* Data excerpt
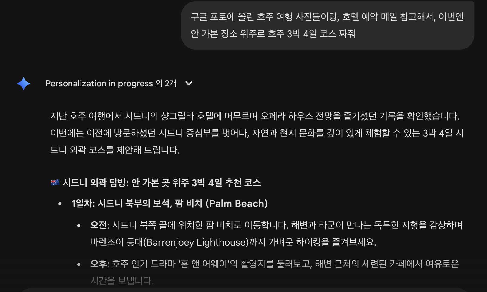 그래서 제미나이한테 "나 예전에 안 가본 곳 위주로 호주 여행 코스 다시 짜줘!"라고 시켜봤어요.
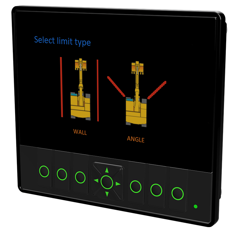 Single/dual parallel wall or angular limitation are available. When walls are in use, the front end equipment is also monitored and controlled for limit breach. Limits can be either manually keyed in or set by positioning the machine. If both limits are active, the system will automatically flip to the appropriate display should a hazard approach occur. Set up is simple, quick, and can be protected with an optional access key switch. All settings are retained and will be active on start-up.
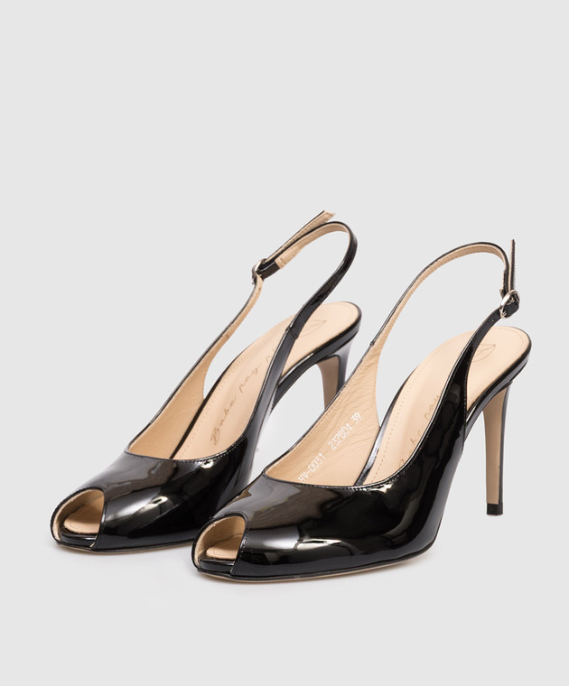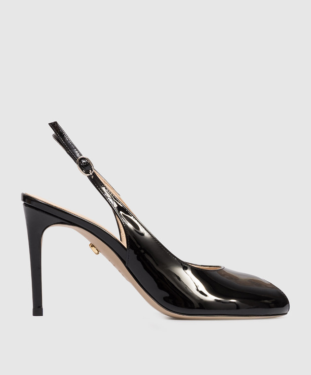 Чорні шкіряні лаковані слінгбеки

* Aim of the task
Type out the data above once more, exactly, with no images included.

* Written response
 그래서 제미나이한테 "나 예전에 안 가본 곳 위주로 호주 여행 코스 다시 짜줘!"라고 시켜봤어요.
 Single/dual parallel wall or angular limitation are available. When walls are in use, the front end equipment is also monitored and controlled for limit breach. Limits can be either manually keyed in or set by positioning the machine. If both limits are active, the system will automatically flip to the appropriate display should a hazard approach occur. Set up is simple, quick, and can be protected with an optional access key switch. All settings are retained and will be active on start-up.
 Чорні шкіряні лаковані слінгбеки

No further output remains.